[[ Dataset content, beginning ]]

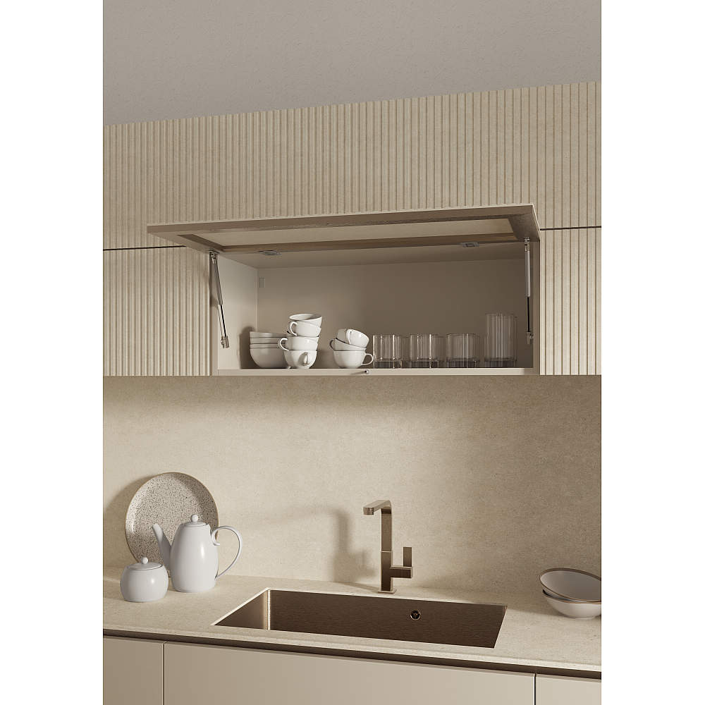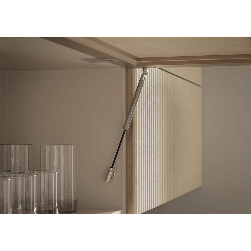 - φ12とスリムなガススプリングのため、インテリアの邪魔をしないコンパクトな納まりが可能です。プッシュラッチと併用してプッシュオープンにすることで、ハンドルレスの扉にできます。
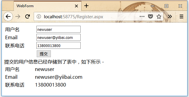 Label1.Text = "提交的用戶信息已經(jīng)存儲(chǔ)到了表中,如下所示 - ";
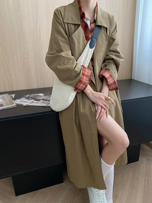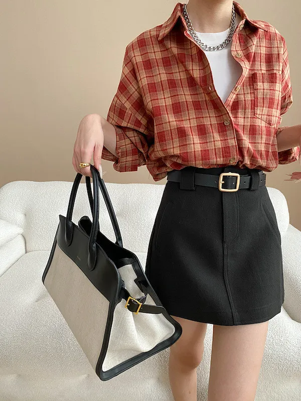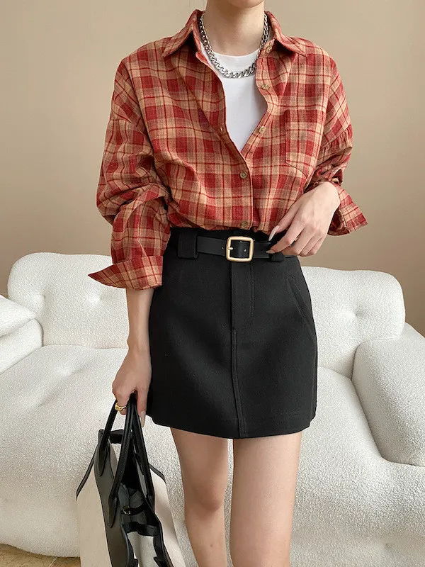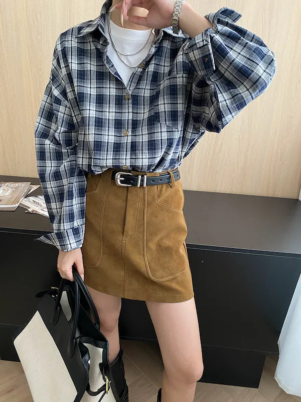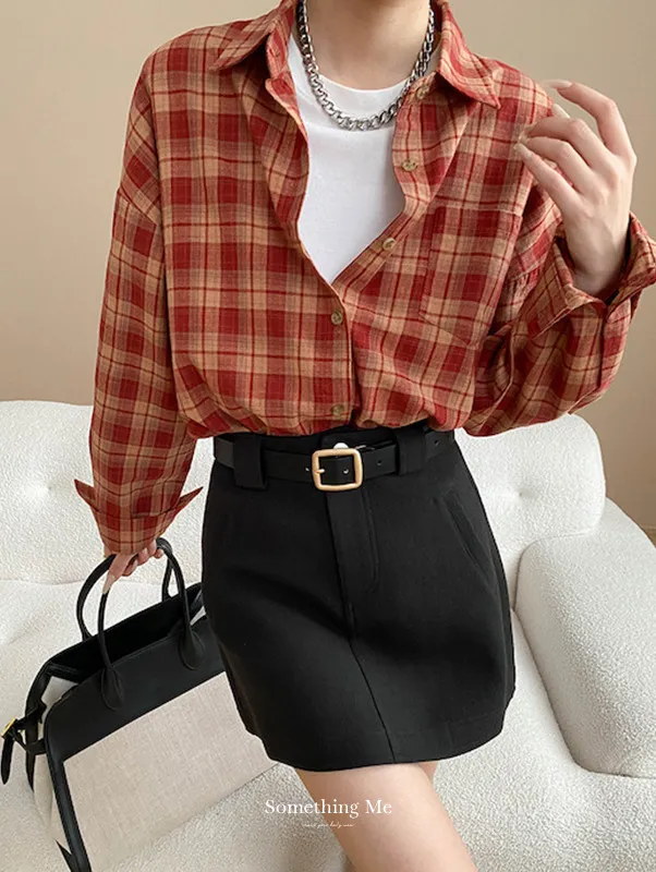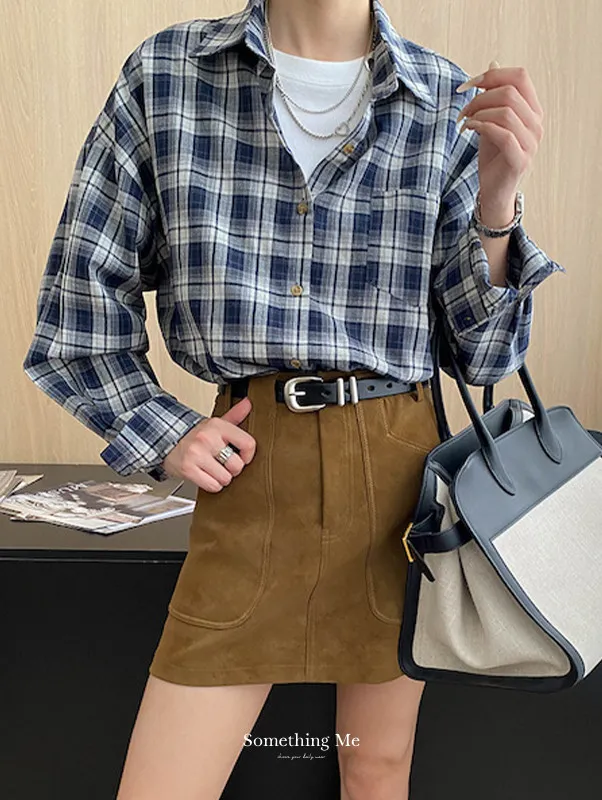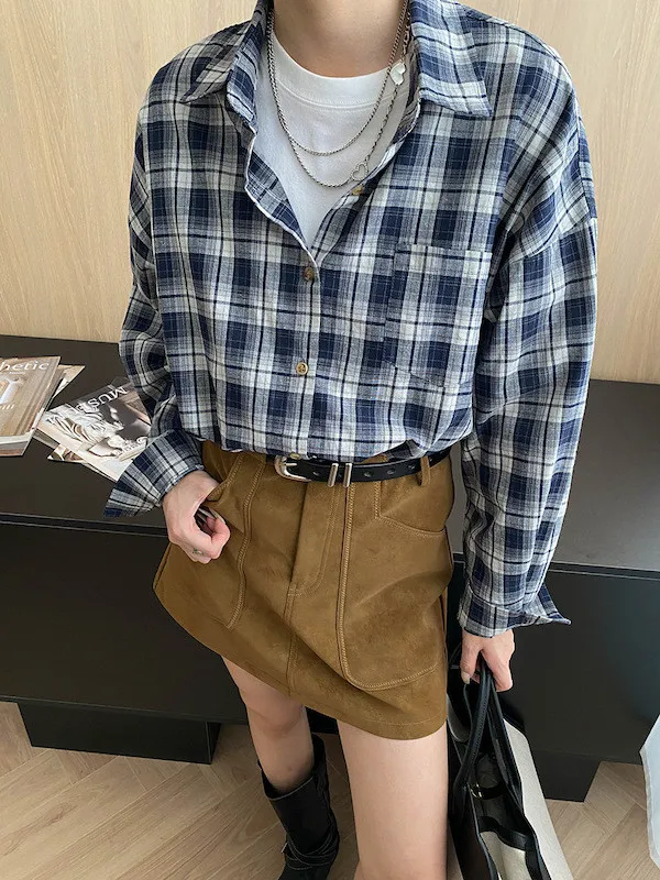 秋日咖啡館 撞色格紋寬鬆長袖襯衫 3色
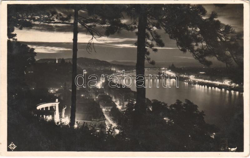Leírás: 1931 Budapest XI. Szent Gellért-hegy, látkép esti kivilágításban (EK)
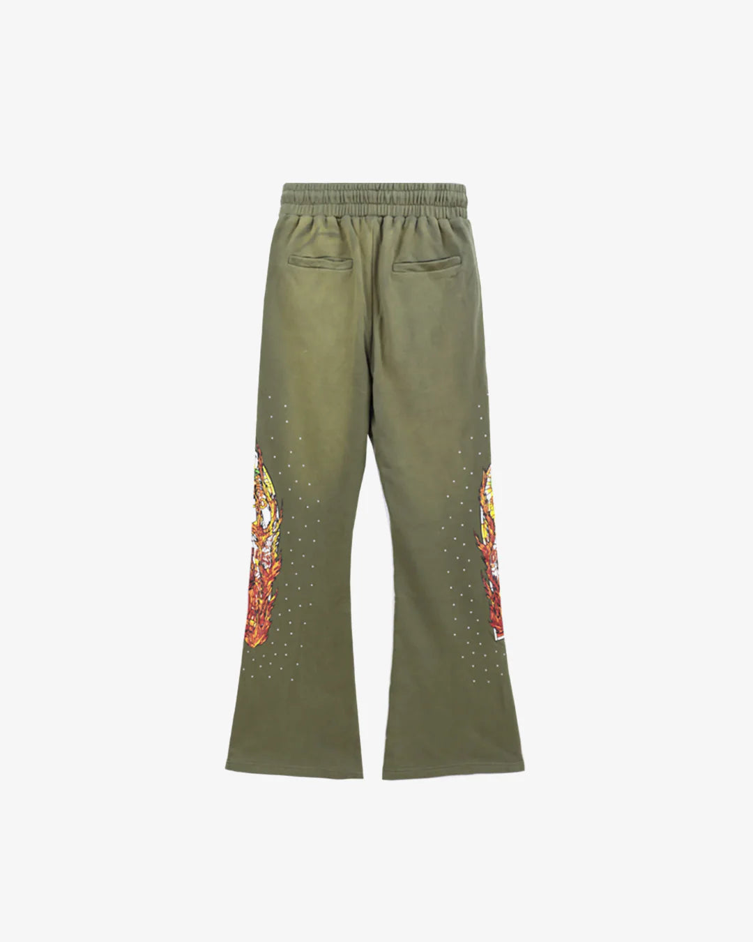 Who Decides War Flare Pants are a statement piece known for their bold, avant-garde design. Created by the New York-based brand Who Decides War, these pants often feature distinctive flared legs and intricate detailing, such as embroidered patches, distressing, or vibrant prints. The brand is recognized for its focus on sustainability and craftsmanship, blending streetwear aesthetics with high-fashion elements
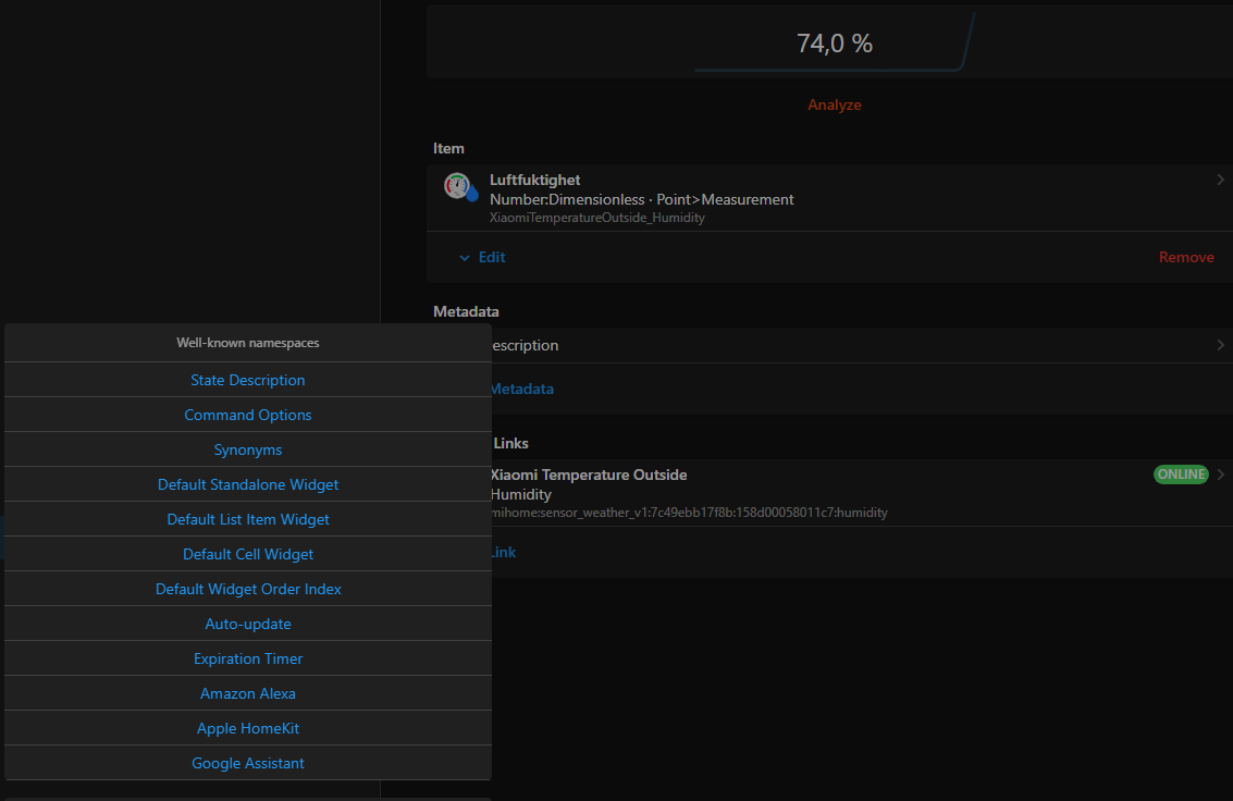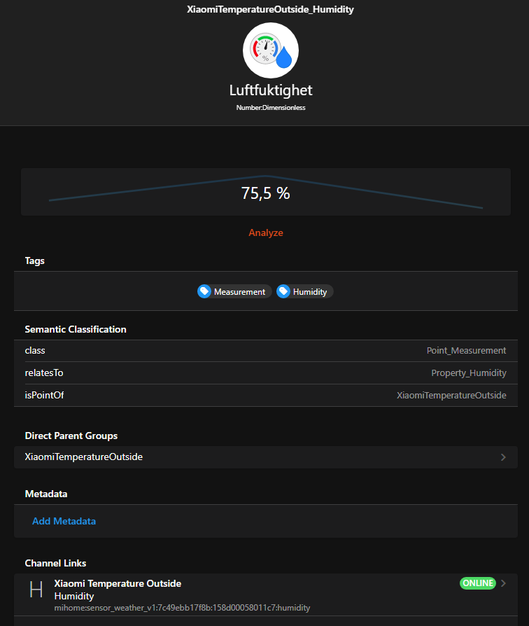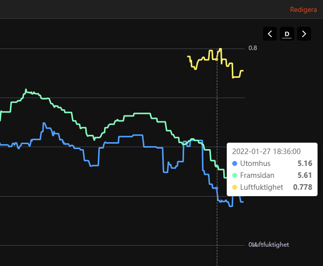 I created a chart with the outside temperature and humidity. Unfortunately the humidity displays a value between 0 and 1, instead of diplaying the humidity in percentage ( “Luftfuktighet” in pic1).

[[ Dataset content, end ]]

## What to work on
In the records above, take every line from the opening one through the line with "Leírás: 1931 Budapest" and repeat it exactly; pictures are not part of the copy.

## Response to this exercise
 - φ12とスリムなガススプリングのため、インテリアの邪魔をしないコンパクトな納まりが可能です。プッシュラッチと併用してプッシュオープンにすることで、ハンドルレスの扉にできます。
 Label1.Text = "提交的用戶信息已經(jīng)存儲(chǔ)到了表中,如下所示 - ";
 秋日咖啡館 撞色格紋寬鬆長袖襯衫 3色
Leírás: 1931 Budapest XI. Szent Gellért-hegy, látkép esti kivilágításban (EK)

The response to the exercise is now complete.